Cüneyt Ülsever’in bugünkü yazısını herkese hararetle tavsiye etmek istiyoruz. Ülsever Taraf gazetesinin Ergenekon davalarındaki aksaklıklarla ilgili anlaşılmaz mantığını eleştiriyor.
Bu mantığa göre davalarda “ufak tefek” yanlışlıklar yapılıyor olması o kadar mühim değil. Önemli olan bu davaların Türkiye’yi istenilen yere götürmesi, yani darbeci, derin-devletçi kişilerin ve grupların tasfiye edilmesi ve etkisiz kılınması.
Ergenekon-Balyoz iddialarindaki aksaklıkların ufak-tefek olmadığını, bu davaların sahte olduğuna dair kuvvetli işaretler sergileyen belgelere ve kimliği belirsiz gizli tanık/ihbarcıların suçlamalarına dayandığını bir kenara bırakalım. Ülsever’in de yazdığı gibi
“İddianame delillere/belgelere/ifadelere vb. dayanmaz mı? İddianame bu delil, belge ve ifadelerlerle oluşmaz mı, iddiası bunlarla ispat edilmez mi?

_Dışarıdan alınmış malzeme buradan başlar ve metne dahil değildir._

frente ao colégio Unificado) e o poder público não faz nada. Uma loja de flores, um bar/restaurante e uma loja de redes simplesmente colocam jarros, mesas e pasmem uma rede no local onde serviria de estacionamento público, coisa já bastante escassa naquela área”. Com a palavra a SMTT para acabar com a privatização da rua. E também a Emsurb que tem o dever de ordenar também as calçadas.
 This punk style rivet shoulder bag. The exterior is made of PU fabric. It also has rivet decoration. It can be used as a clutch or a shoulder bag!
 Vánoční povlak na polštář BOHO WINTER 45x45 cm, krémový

İnsanların hayatı ile oynanırken “bir yanlış” bile önemli değil midir?”
En basitinden, bir sanığın ev ya da işyerindeki bir DVD’nin içinde bulunduğu iddia edilen ve davada ana delil teşkil eden belgelerin “çözüldükleri” tarihten daha evel bir tarihte emniyet ve savcıların elinde olduğuna dair somut bilgiler o davaya gölge düşürmez mi? (Detaylar için bkz: örnek 1 ve örnek 2.)

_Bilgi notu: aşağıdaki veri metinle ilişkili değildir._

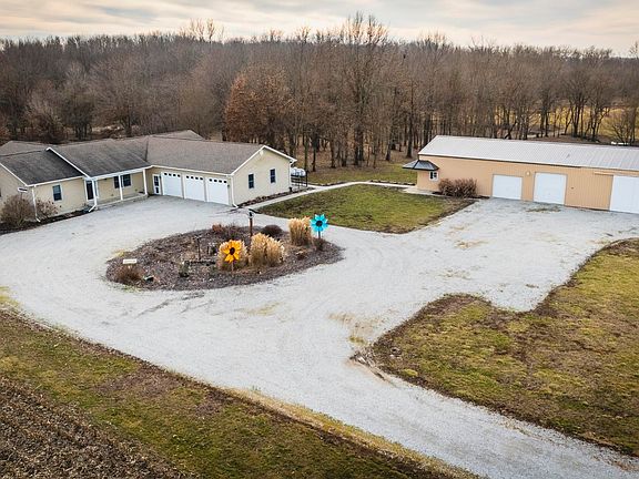 Tucked away on a quiet county road sits this gorgeous 5,256 livable square feet ranch home, with a three-car attached garage. The heart of this magnificent home is its spacious kitchen, which boasts top-quality stainless-steel appliances, modern cabinetry, and elegant granite countertops. The ample space allows for seamless meal preparation and entertainment. As you make your way from the kitchen, you will come to the formal dining room and the very spacious living room. You can walk directly from the living room into the heated four-season room with a spectacular view of the entire wooded back yard. Also, off the living room, you enter the primary bedroom, which boasts a large walk-in closet with an en-suite bathroom with a garden tub. As you make your way back through the home and down the hall, you will come to two bedrooms and a very roomy laundry room. From the hallway, you will enter the stairs leading to a beautiful, finished basement with a wet bar, two bonus bedrooms and a full bath. The finished basement is another great area the current owners use to entertain friends and family. This home also comes with a 20kw Briggs and Stratton whole home generator. Beyond the luxurious interior features of the home, the property not only provides a peaceful retreat but also offers unlimited recreational opportunities. To add to the property's amenities, a 32' x 88' outbuilding is partially finished with a concrete floor, radiant heat, and bathroom. Call today for a tour.

İnsanlara atılı bulunan suçlara sahte belgelerin ana delil oluşturması nasıl bir “detay” olarak görülebilir? Bu mantık “mevzu bahis vatansa gerisi teferruattır” mantığı ile eş değil mi?
Üstelik, bu davalarda bu denli ciddi hatalar ve yanlışlar yapılıyorsa, eninde sonunda bunlar geri tepip, Taraf gazetesi ve diğer sözde liberallerin (bizim de desteklediğimiz) derin devlet uygulamalarını sona erdirme amacına zarar vermemesi mümkün mü? Suçsuzlarla beraber suçlular da o zaman aklanmayacak mı?
Ülsever’in yazısı bizim için başka bir açıdan da çok anlamlı. Cüneyt Ülsever, derin-devletten şahsen zarar görmüş, şu anda yargılanan kişiler tarafından çocukları üzerinden tehdit edilmiş, telefonları dinlenmiş, kayıtları yayınlanmış, evi kolaçan edilmiş, jandarma tarafından takip edilmiş bir gazeteci. Ergenekon sanıkları arasında “gerçek suçlular” olduğunu düşünüyor.
Ama ne diyor Ülsever: herkes adil yargılanmalıdır ve şu anda Silivri’de olan adil yargılanma degildir.
Hukuku kendi siyasi amaçları uğrunda bir araç olarak görmeyen düşünürlerin sayısı keşke daha fazla olsa.